La trame narrative est assez classique, toutefois, pas de quoi crier au génie : l'éternelle histoire de la vengeance qui s'opère dans une certaine ignorance et qui s'accompagne d'une grande révélation au sujet d'un secret familial antédiluvien. Non pas qu'on voie la chose arriver de trop loin, mais la structure même des péripéties et des indices révélés petit à petit, elle, ne brille pas par son originalité. L'impression d'avoir déjà vu cela des dizaines de fois auparavant domine. Seules les enluminures sont un peu originales : Franco Nero aka Tom Corbett est un orpailleur qui reçoit un message le conseillant de rentrer dans sa ville natale, où il découvrira que la région tout entière appartient désormais à la puissante famille Scott — un peu comme ce qui arrive à Paul Newman dans "Les Feux de l'été" (1958) de Martin Ritt, au sein de la famille Varner, le patriarche incarné par Orson Welles.
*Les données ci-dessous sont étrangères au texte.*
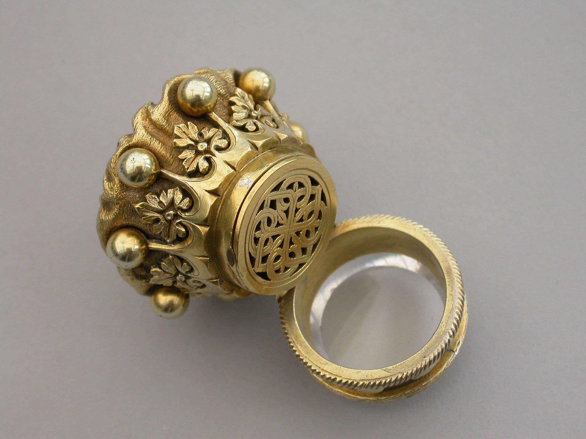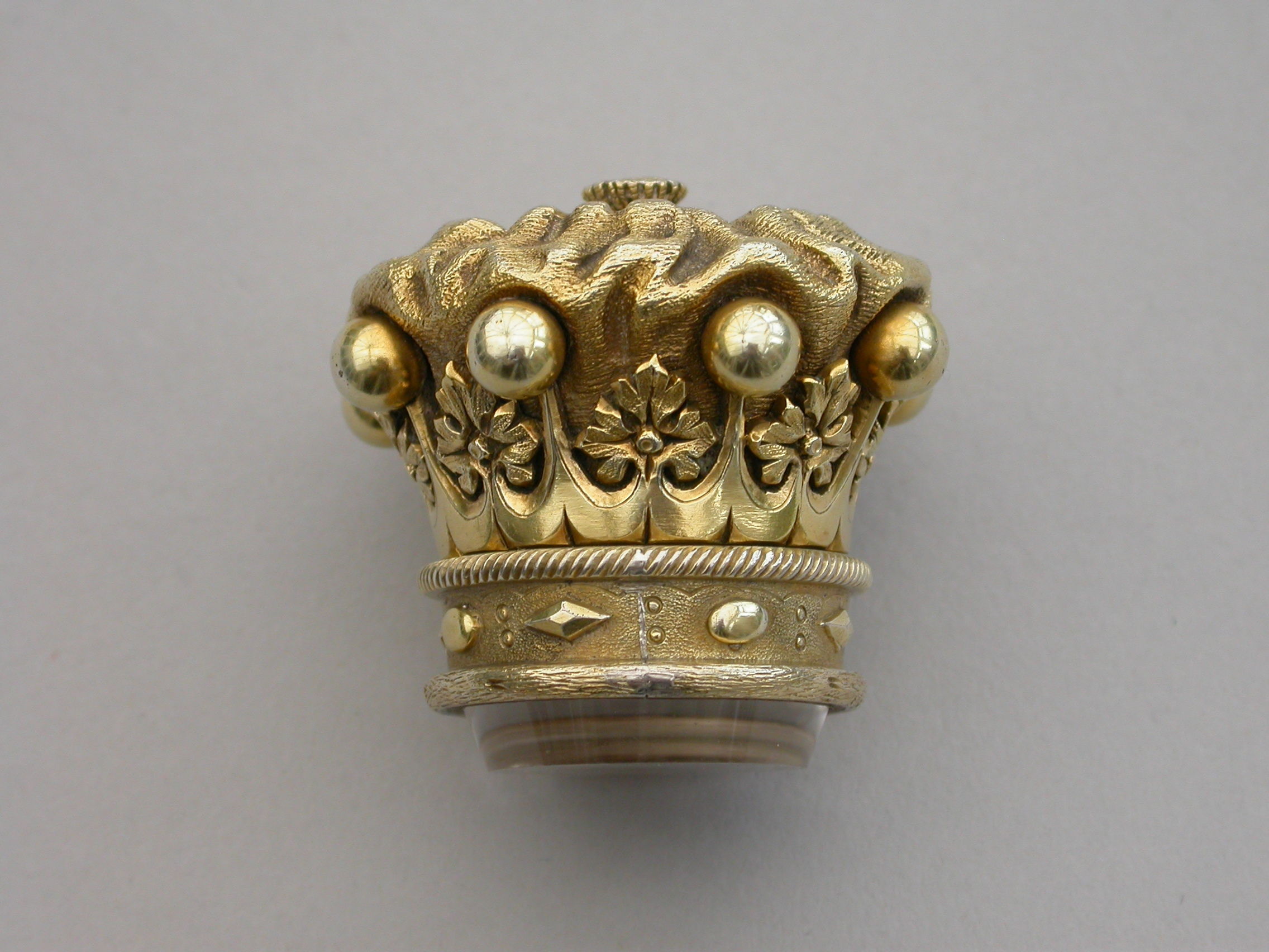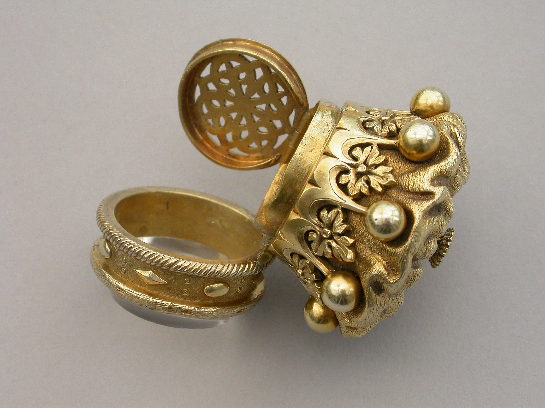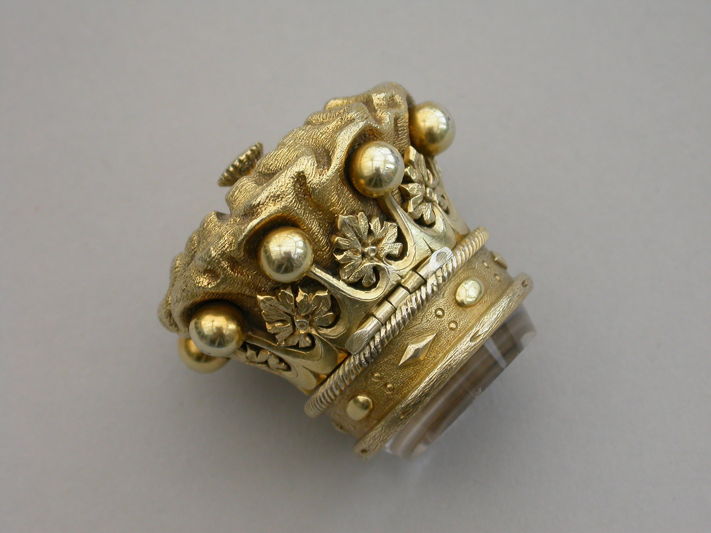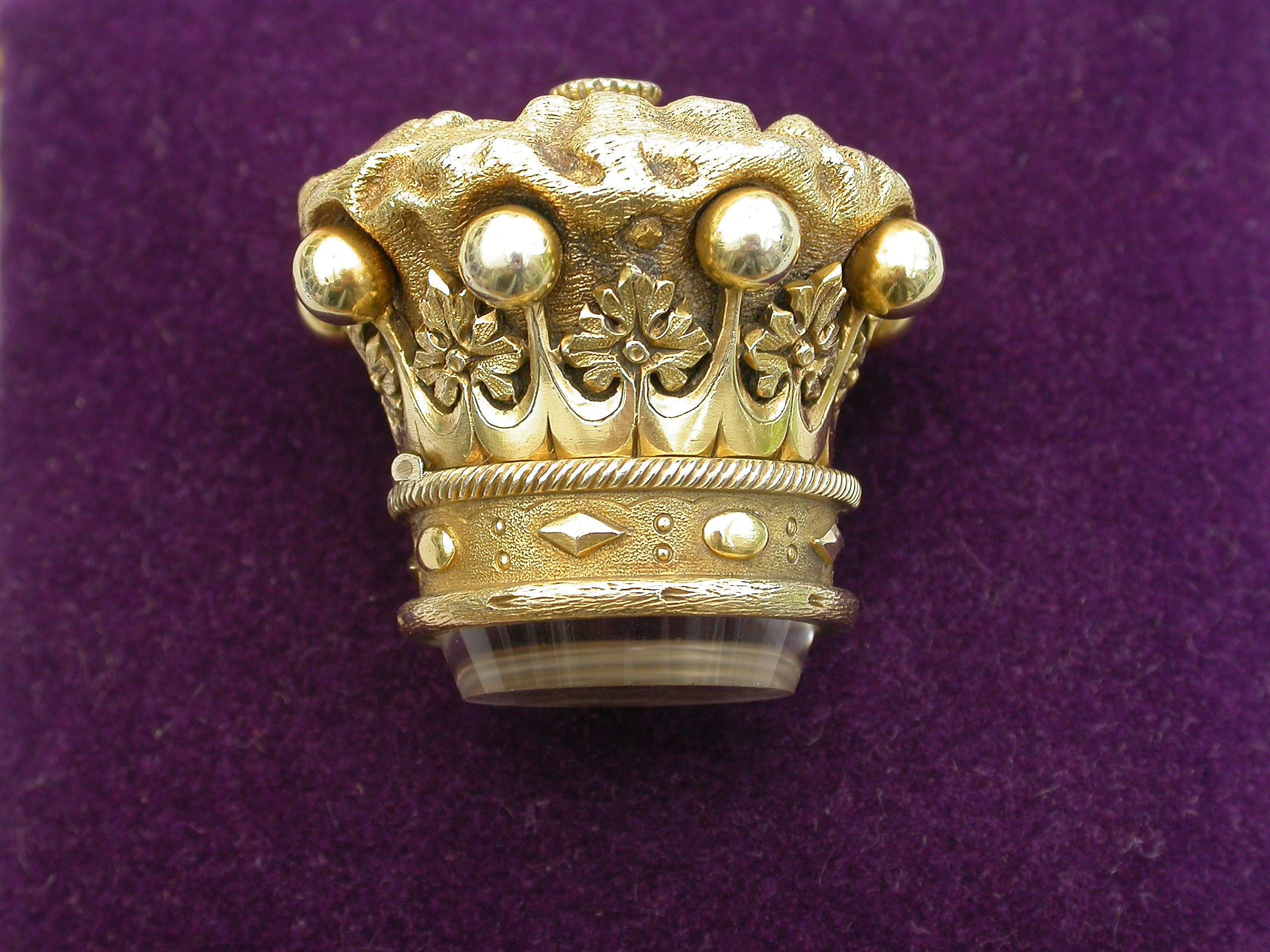 A fine quality Victorian novelty silver gilt Vinaigrette cast as an Earl's Coronet, hinging to reveal a pierced geometric design grille visible through a beveled crystal base. Sitting on its own purple velvet display cushion with gilt cording and a tassel to each corner.
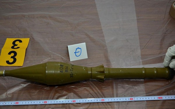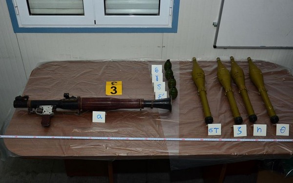 Πρόκειται, όπως είχαμε γράψει και την Παρασκευή, για τέσσερις ρουκέτες τύπου RPG, τέσσερις προωθητικούς μηχανισμούς RPG, εκτοξευτήρα RPG, τέσσερις αμυντικές χειροβομβίδες F1, τέσσερις πυροδοτικούς μηχανισμούς των χειροβομβίδων, τρία καλάσνικοφ, επτά γεμιστήρες καλάσνικοφ, δύο κοντάκια καλάσνικοφ, κουτιά με σφαίρες καλάσνικοφ, γάντια και κουκούλες.
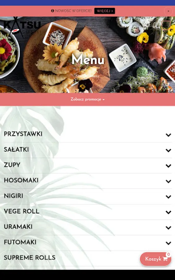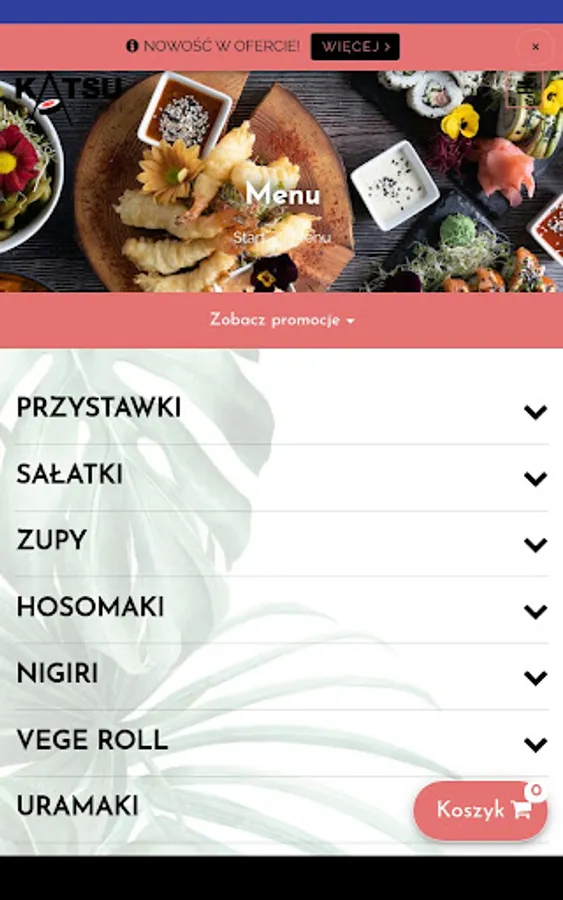 Application for ordering food from Katsu Sushi restaurant in Krakow.
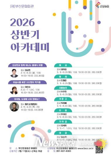 뉴스펀치 김윤걸 기자 | (재)부산문화회관은 오는 3월 9일부터 7월 1일까지 2026년도 상반기 정규 아카데미 강좌를 개설한다.
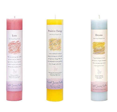 Crystal Journey Reiki Charged Herbal Magic Pillar Candle Bundle (Love, Positive Energy, Dreams)
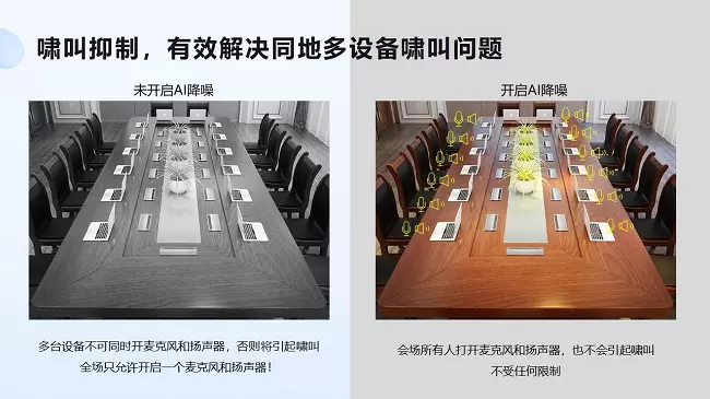 以啸叫抑制为例,声网 AI 降噪可有效的解决同地多设备啸叫的问题。如下图所示,在视频会议场景中,当没有开启 AI 降噪时,同时打开多台麦克风和扬声器便会引起啸叫,这会极大影响参会者的参会体验。开启声网 AI 降噪后,全场所有人均可以打开麦克风和扬声器,而不会出现啸叫的情况。
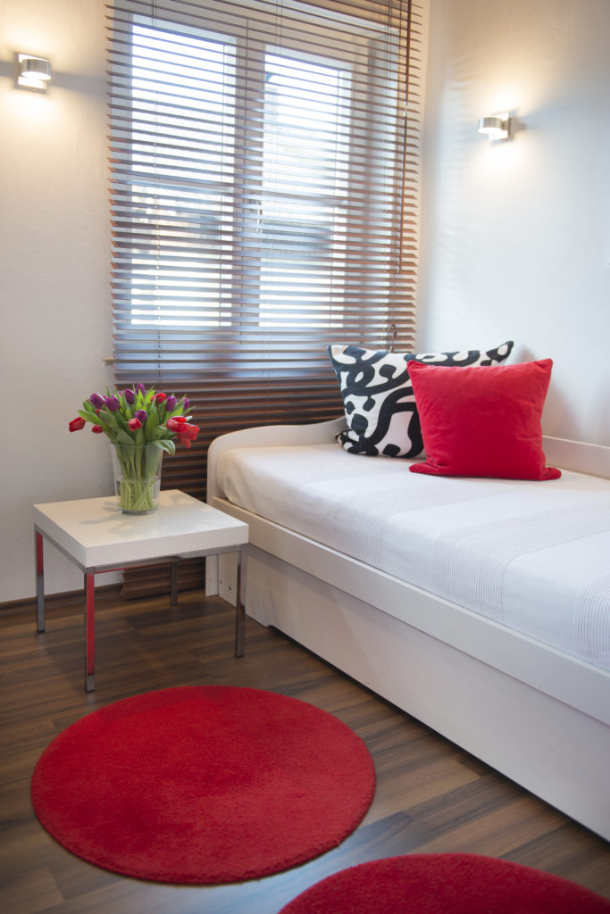 Schlafzimmer mit Doppelbett und Leseecke mit Sessel und Kleiderschrank, Zugang zum Balkon.
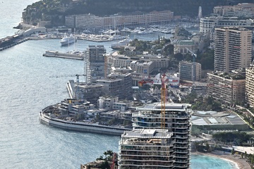 Widok na plac budowy infrastruktury morskiej pod przyszłą rozbudowę, znaną jako Anse du Portier, w Monako
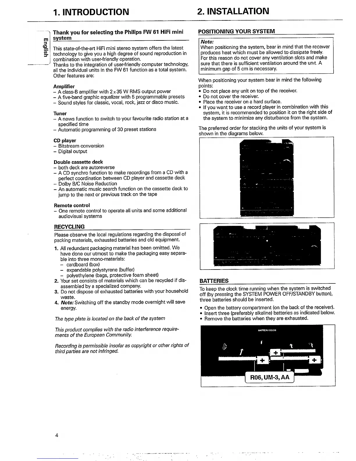 Philips FW61/22 - Introduction and Installation; Amplifier Features; Tuner Features; CD Player Features
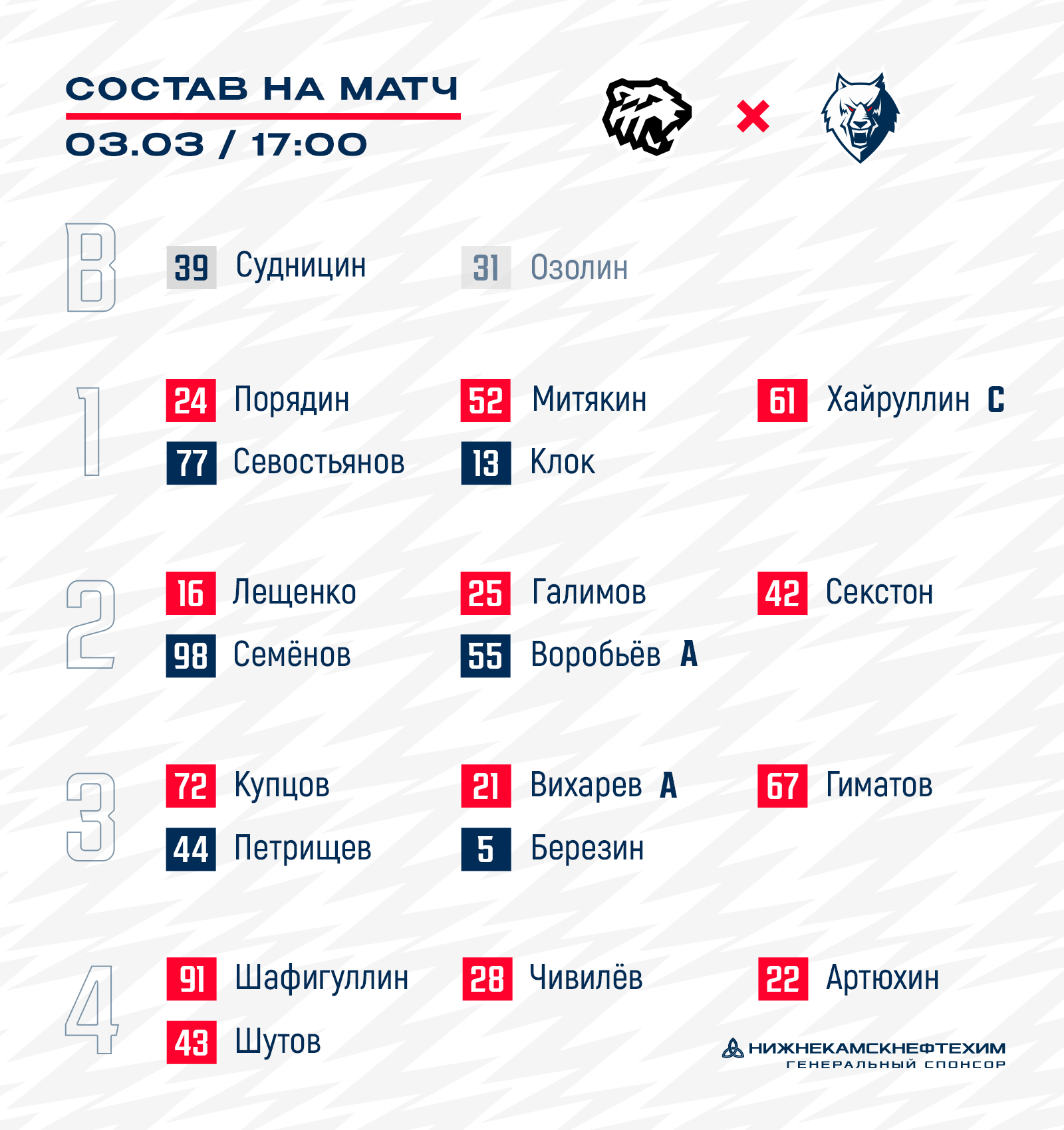 Стал известен состав «волков» на второй матч серии 1/4 финала Восточной конференции с «Трактором».
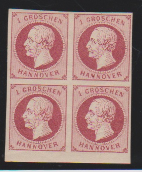 1 Gr. lilarosa, ungebrauchter Luxus-Unterrand-Viererblock, eine Marke postfrisch, Fotoexp. Berger
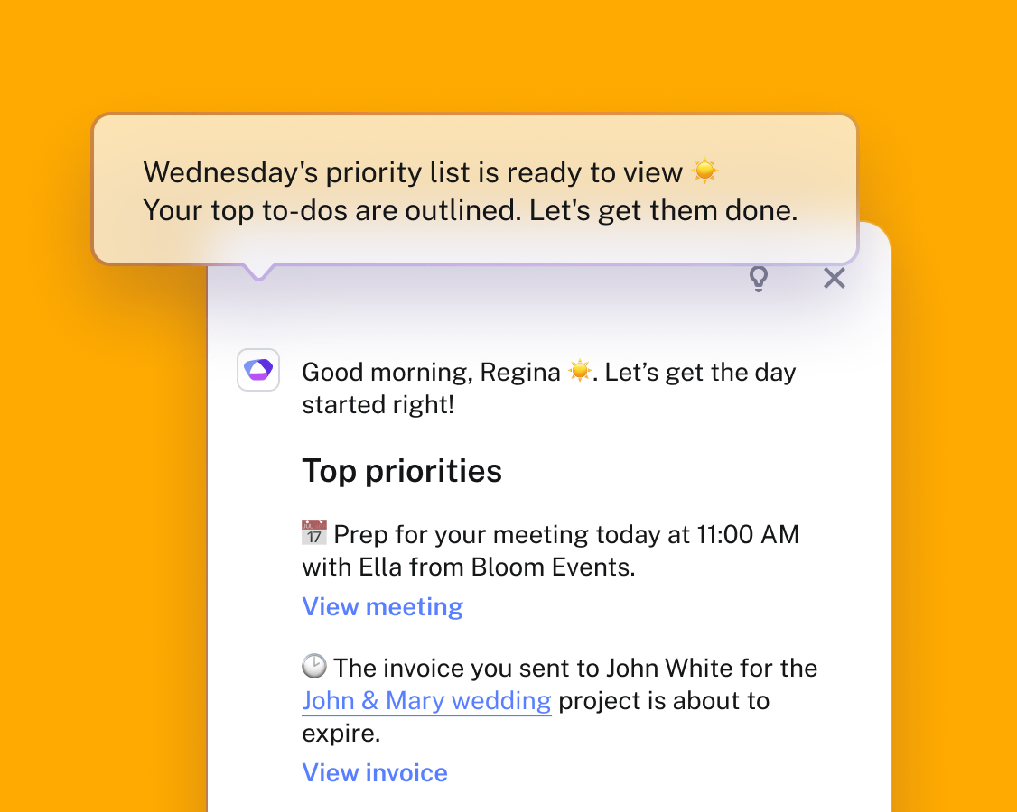 HoneyBook AI offers a suite of artificial intelligence tools aimed at streamlining operations for small businesses. It helps users focus on client interactions by automating tasks such as taking meeting notes and summarizing action items. The platform assists in prioritizing daily tasks, transforming to-do lists into actionable plans to improve productivity. It also provides predictive alerts for leads with a high likelihood of booking or selecting high-value services, turning insights into timely actions. For communication, HoneyBook AI generates instant, personalized email responses tailored to the user's tone, industry, and specific context, enabling faster replies. Additionally, it simplifies preparation for meetings or deadlines by generating comprehensive summaries that include project details, discussed services, and outstanding tasks. The goal is to allow HoneyBook AI to handle more of the operational burden, freeing up business owners to focus on growth and client relationships.
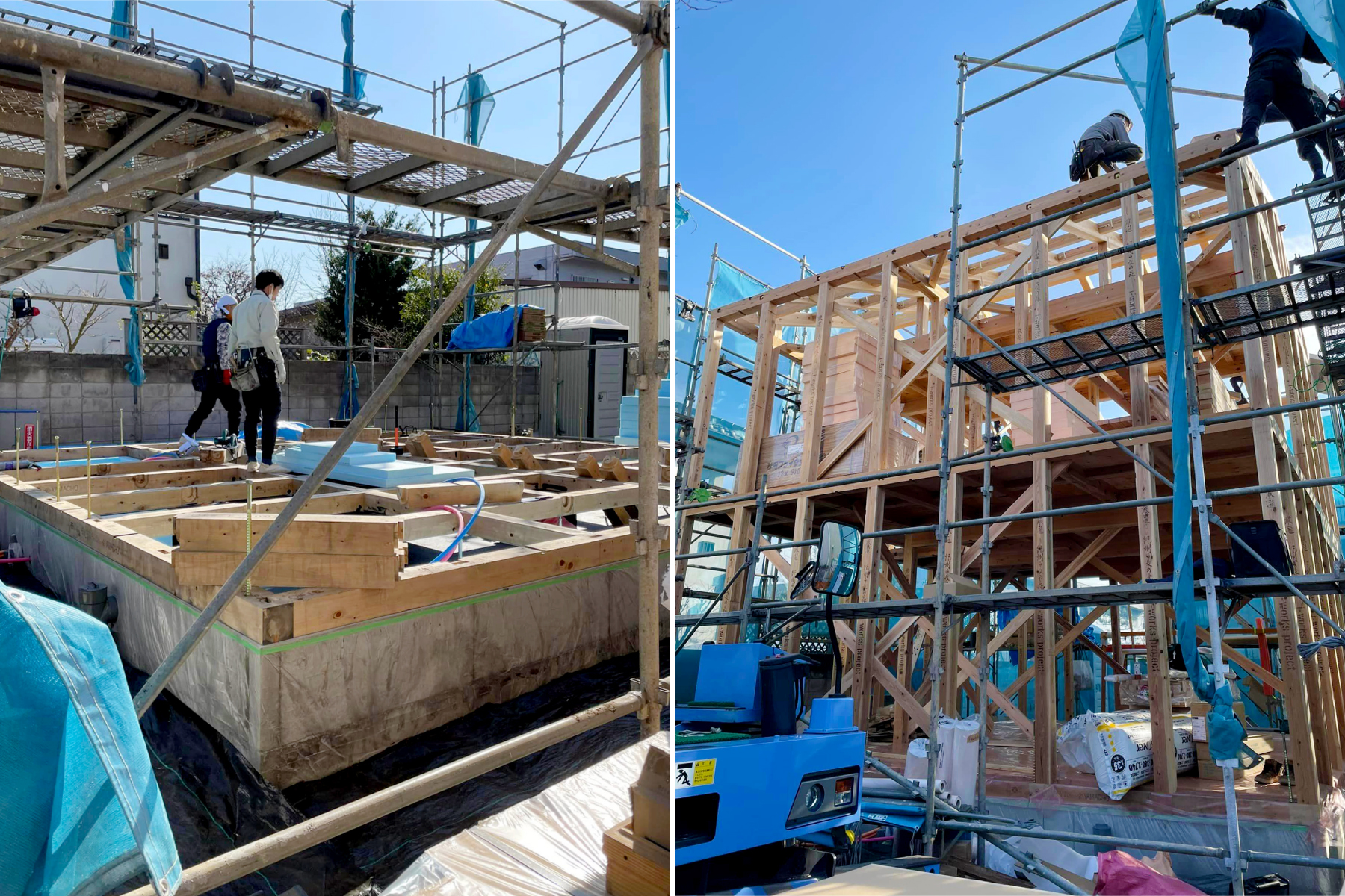 今週は、社員大工の優太さんと上小園さんが30日から土台を敷き、1日に上棟建て方を行いました。

Le protagoniste retrouve son frère isolé avec sa vieille nourrice dans une ancienne maison, et il lui vole un peu la vedette : le gars toujours bourré, toujours assoiffé, mais toujours habile pour la baston. Du côté de l'antagonisme, on a droit au personnage du fils totalement psychopathe qui fait régner la terreur à grands coups de fouet — l'occasion de mettre en scène une séquence très violente (en plus de l'intro avec des chiens) et probable source d'inspiration pour Tarantino dans "Django Unchained". C'est donc l'histoire de l'homme qui revient pour rétablir la justice, dans un style proche d'un western avec Clint Eastwood, mais avec un sens de la violence graphique davantage poussé.